KUALA LUMPUR: Malaysian exports last year grew 6.7% year-on-year (y-o-y) to RM998.01 billion, nearly reaching the RM1 trillion mark, driven by growth in manufactured goods and mining, which compensated for the lower performance of agricultural goods, according to the Ministry of International Trade and Industry (Miti).

Total imports came in at RM877.74 billion, up 4.9% y-o-y on the back of higher uptake of consumption goods.

The higher exports boosted trade surplus by 22.1% last year to RM120.27 billion, its fastest growth in a decade and the largest surplus recorded since 2012.

Total trade reached a high of RM1.88 trillion last year, up 5.9% y-o-y from RM1.77 trillion, contributed by higher trade with Hong Kong (up 45.2% or RM27.9 billion), China (up 8.1% or RM23.4 billion), Taiwan (up 22.1% or RM17.4 billion), Singapore  (up 6% or RM13.6 billion) and the European Union (up 4.8% or RM8.5 billion).

In terms of exports, shipments of manufactured goods accounted for 83.7% of the total, up 9.1% y-o-y to RM835.48 billion, driven by an 11% rise in demand for electrical and electronic (E&E) goods.

Shipments of mining goods made up 8.8% of total exports, up 7.1% y-o-y to RM87.62 billion, due to a 29.4% increase in crude petroleum. Agriculture goods, which contributed the remainder 6.7% of total exports, fell 14.2% to RM67.01 billion on lower global prices for palm oil and palm oil-based agriculture goods, despite higher volumes exported.

Among the destinations for Malaysian exports, Asean absorbed 28.6% or RM285.3 billion worth of Malaysian exports last year, up 5% y-o-y, supported by higher exports to Vietnam, Thailand, Singapore, the Philippines and Cambodia.

Exports to China, meanwhile, grew 10.3% to RM138.88 billion on the back of higher exports of products like chemical and chemical products, E&E and optical and scientific equipment. Exports to Europe Union and the US also improved, up 3.5% to RM98.6 billion and 2.3% to RM90.73 billion, respectively.

In terms of total trade, China remains Malaysia’s largest trading partner for the 10th straight year, with the tally reaching RM313.81 billion, 16.7% of Malaysia’s total trade.

The trade figures came after accounting for December’s performance, where exports rose 4.8% y-o-y to RM83.27 billion — double the 2.4% growth forecast by economists in a Reuters poll earlier — on sustained demand for manufactured goods and chemicals and chemical products.

On announcing the trade figures yesterday, International Trade and Industry Minister Datuk Darrel Leiking said exports growth is expected to moderate to 5% this year, amid uncertainties in the global market, with concerns of disruptions to the global supply chain arising from the US-China trade spat, and softer commodity prices in anticipation of higher production and lower demand.

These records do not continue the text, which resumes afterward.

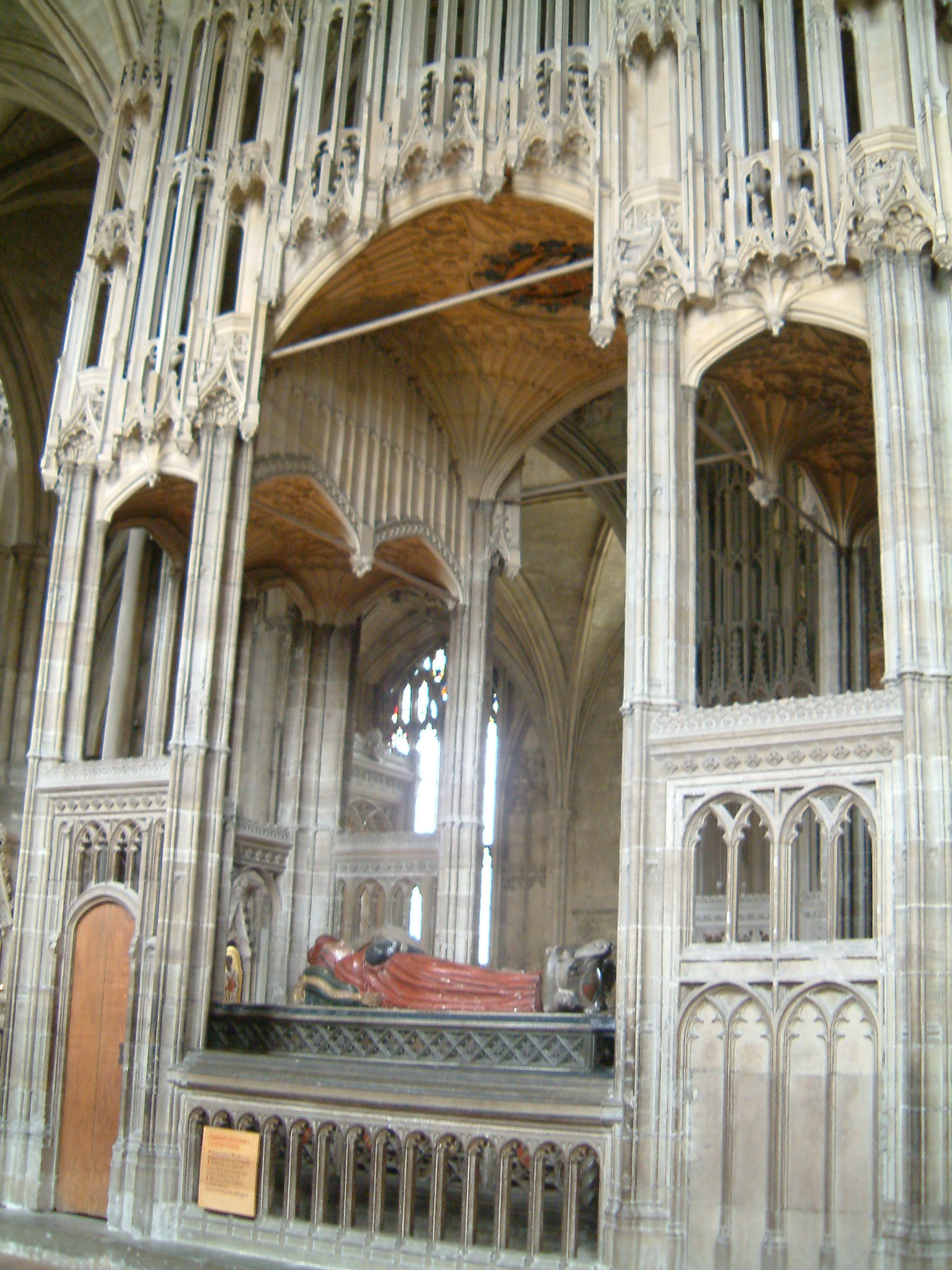 Winchester Cathedral, Winchester, England, United-Kingdom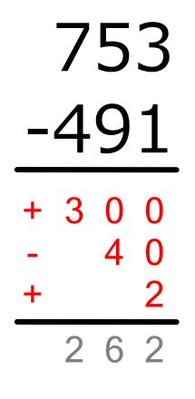 Partial Differences subtraction method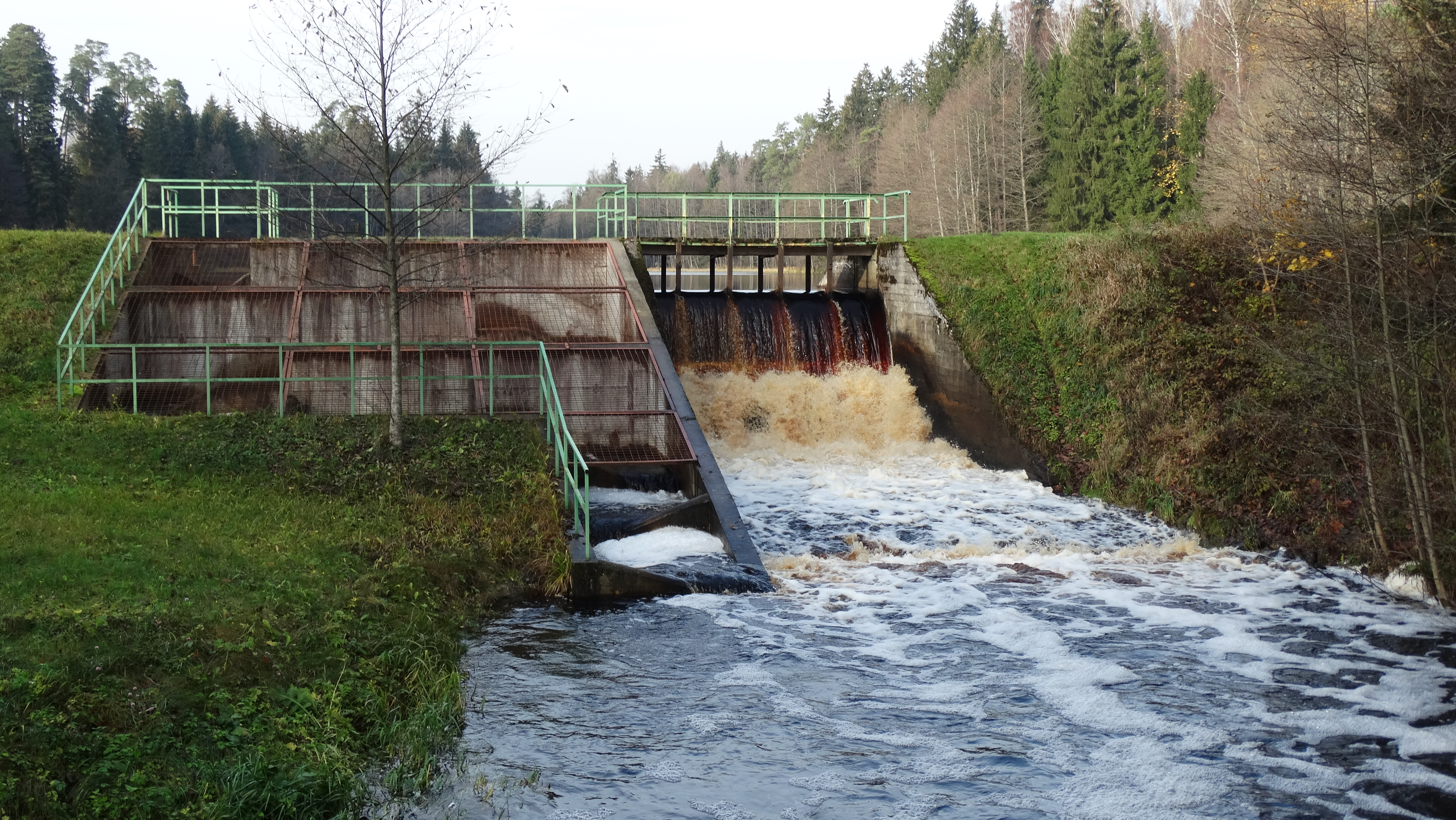 Gulbinai pond, Viešvilė, Jurbarkas District, Lithuania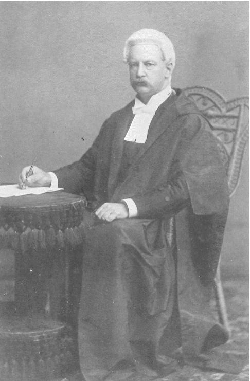 Picture of Sir William Meigh Goodman (1847-1928) as Chief Justice of Hong Kong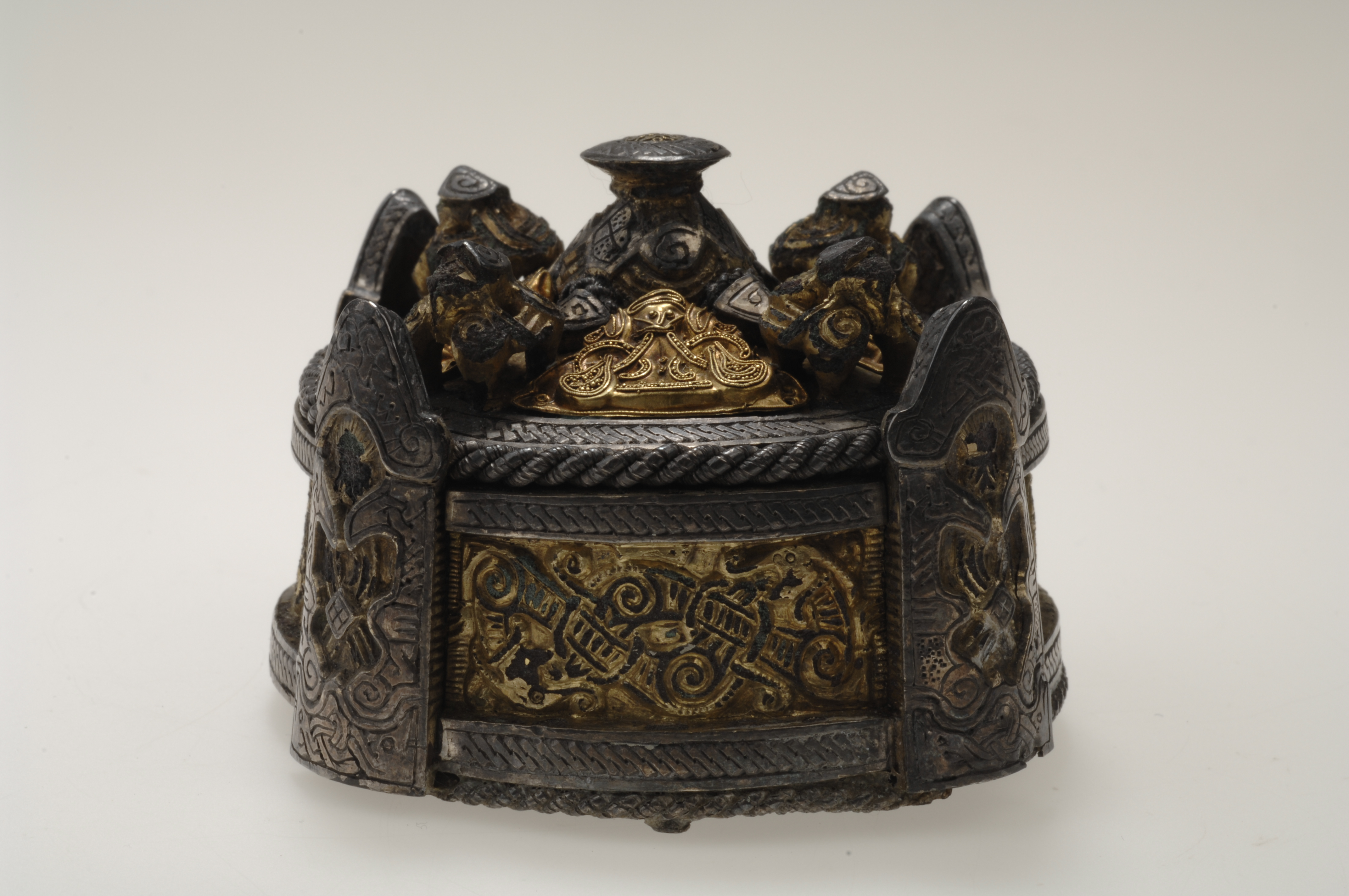 Box brooch. Bronze, gold and silver. The box brooch has intricate ornamentation in gold and silver. Hoard find, Krasse, Guldrupe, Gotland, Sweden. SHM 6387 See also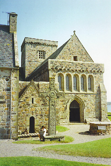 Iona Abbey, Entrance and St John's Cross.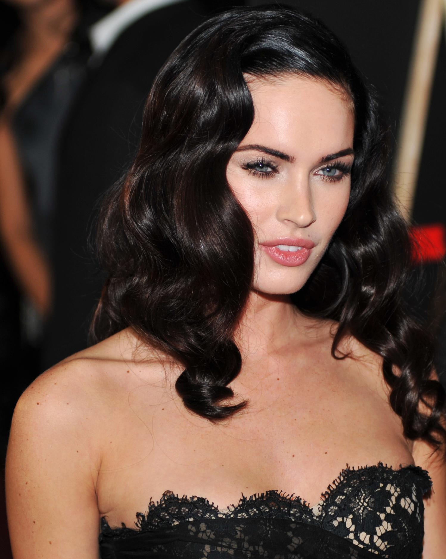 Megan Fox @ Jennifer's Body screening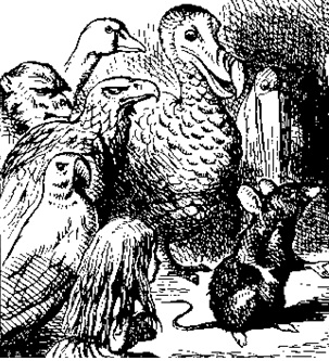 The group of animals that feature in the Caucus Race.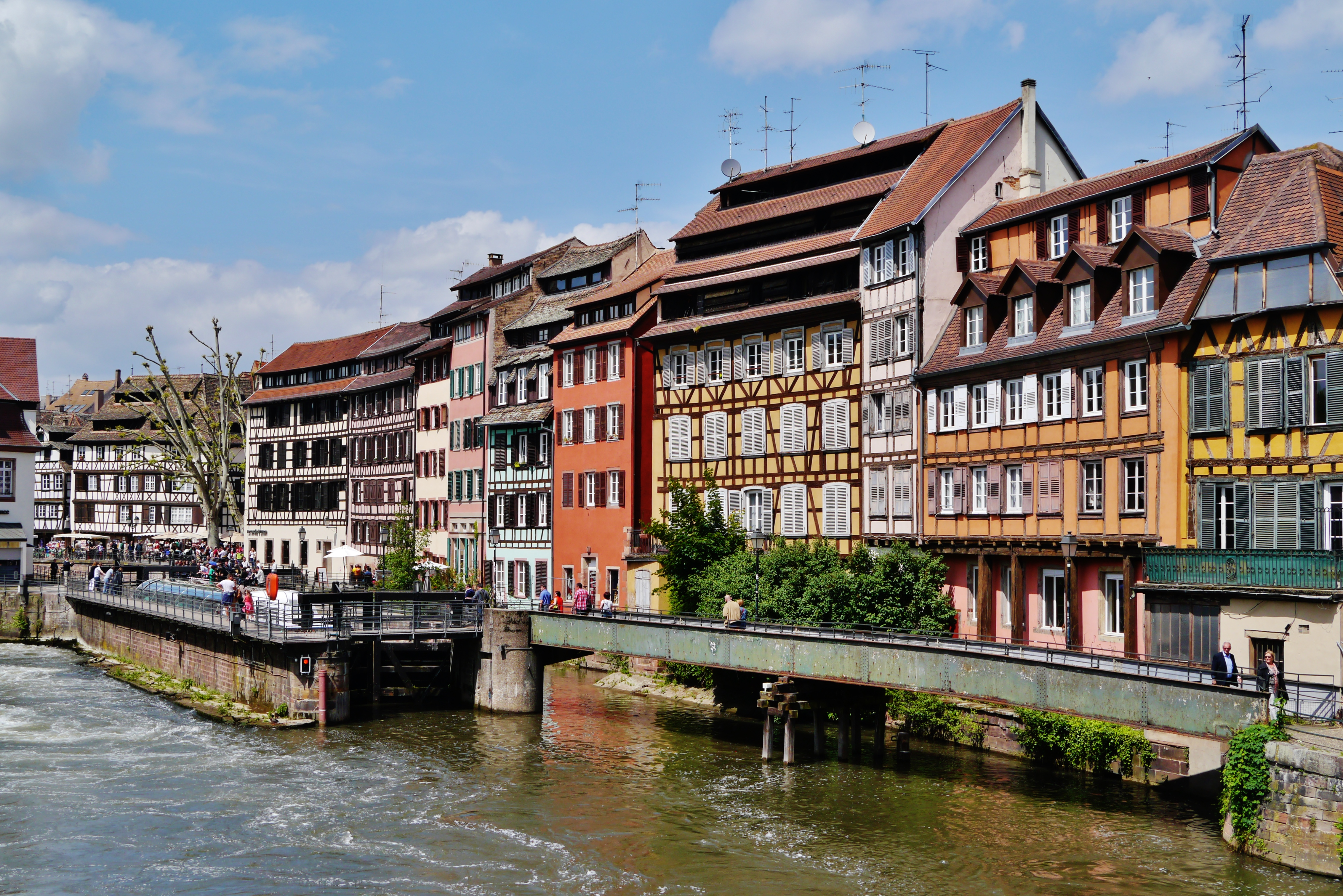 Quarter of La Petite France/Little France, Strasbourg, Alsace, France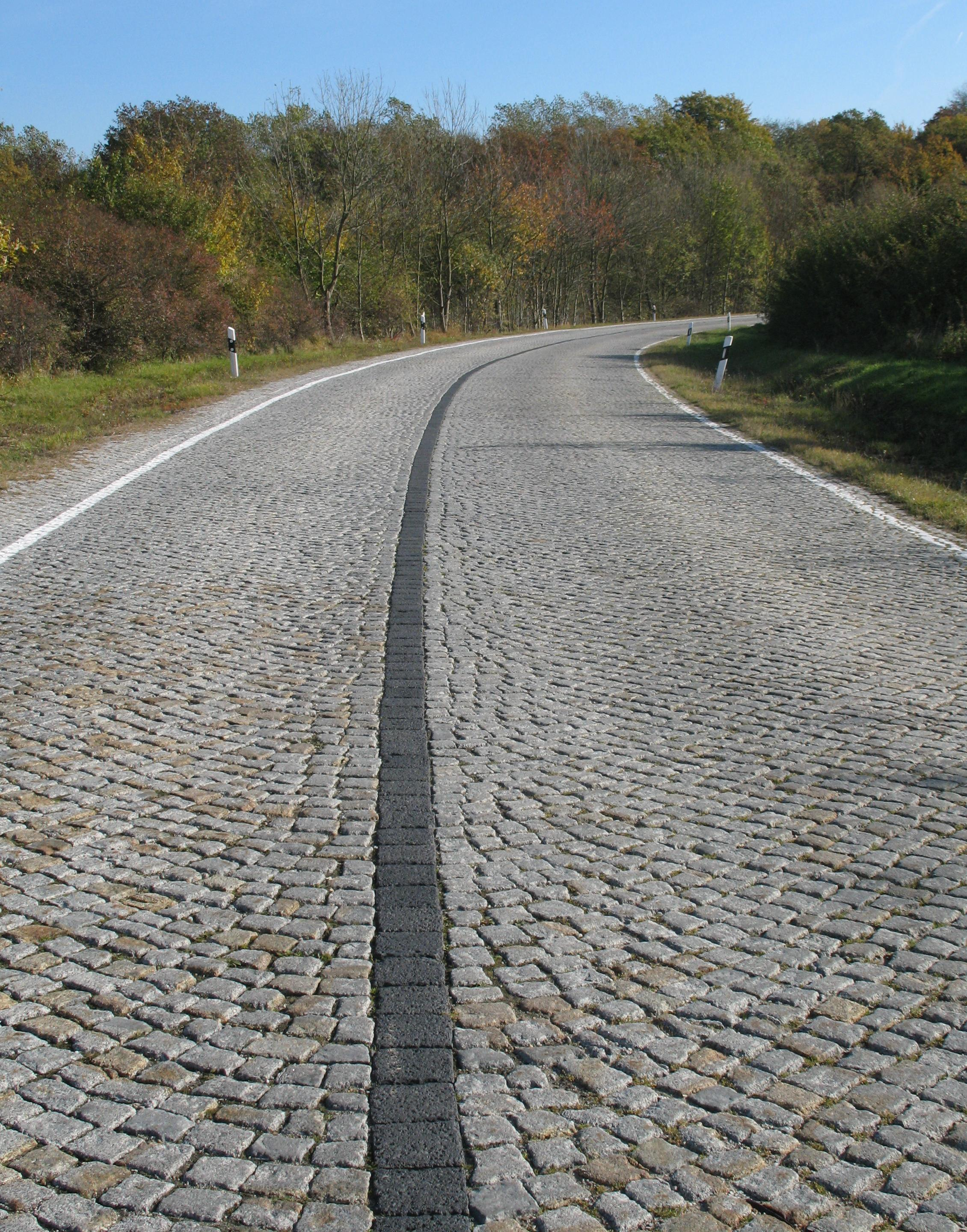 Cobblestone street near Erfurt in Thuringia, Germany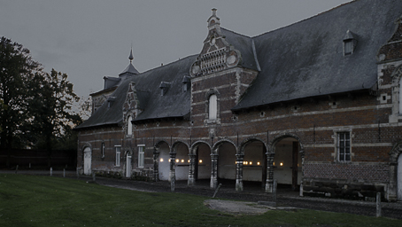 Out from the Abby into the park at Leuven: Charly Steigers work for "epifanie" 1999 iluminates some more marginal structures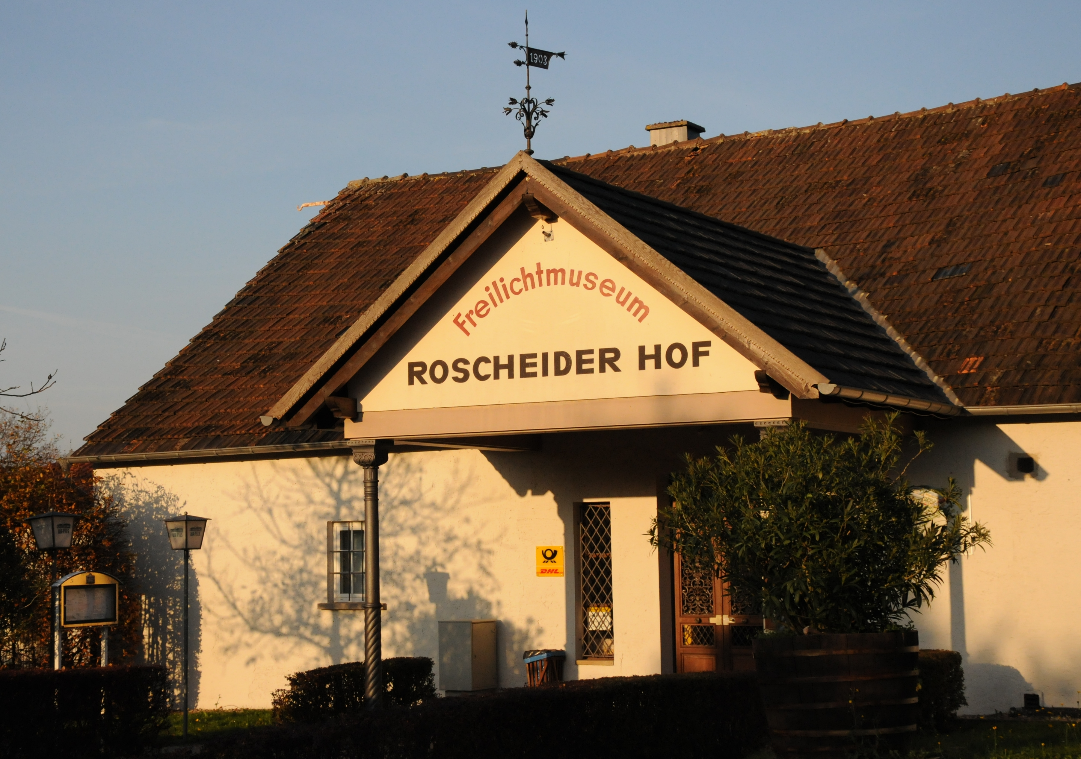 Open air museum Roscheider Hof, Germany, Entry building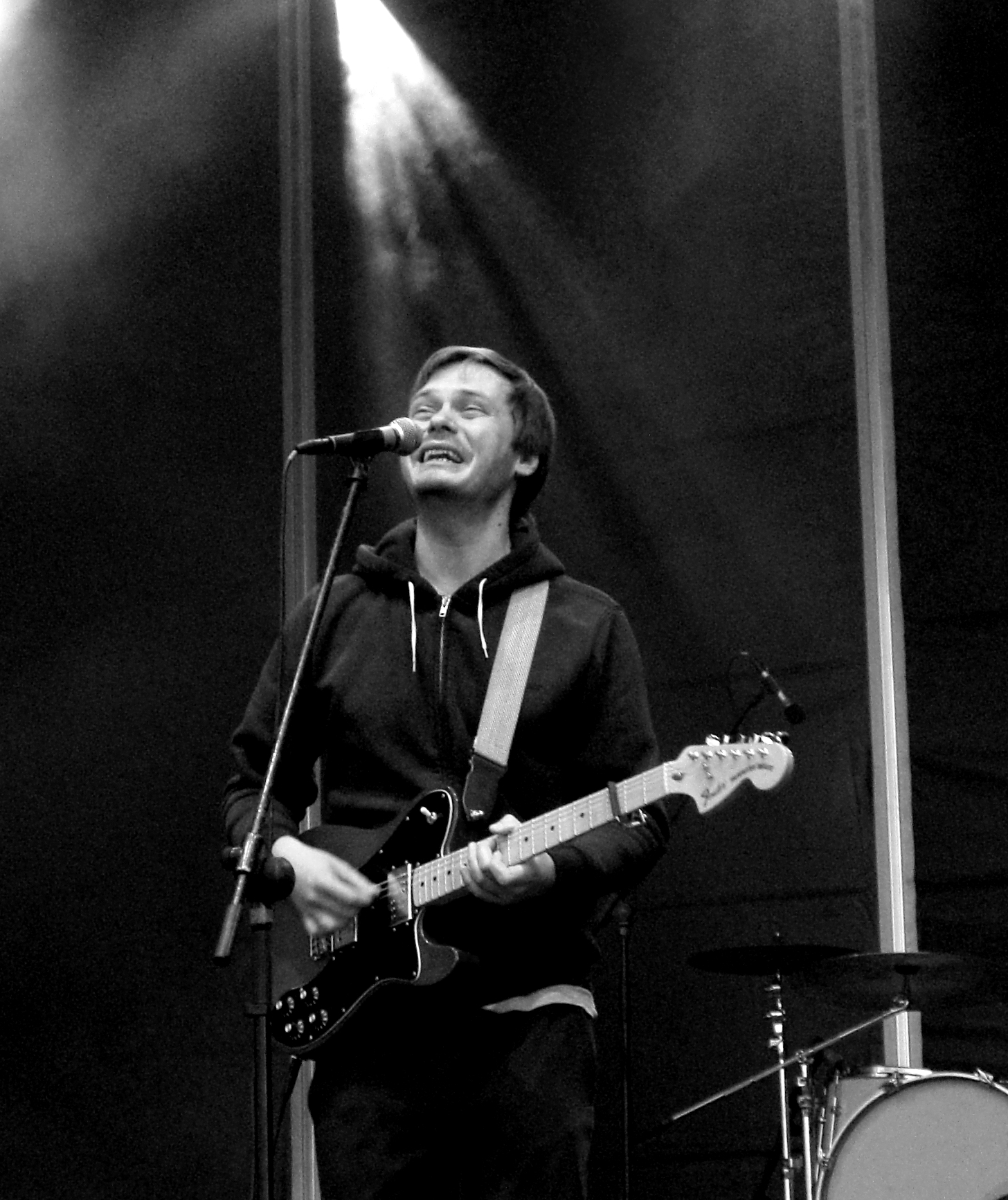 German singer-songwriter ClickClickDecker at Obstwiesenfestival, July 18, 2009

Hence, Miti expects total trade to only expand 5% this year, in tandem with the slower export growth. Imports should also only  grow 5%. Still, Miti’s forecast is more optimistic than most analysts’, which range between 3.6% and 5%.

“Despite the uncertainties this year, we are still quite aggressive on our export growth forecast. We’re confident the strategies we are putting in [to drive] trade and investment can help absorb the impact of the global challenges,” said Malaysia External Trade Development Corp deputy chief executive officer Datuk Wan Latiff Wan Musa.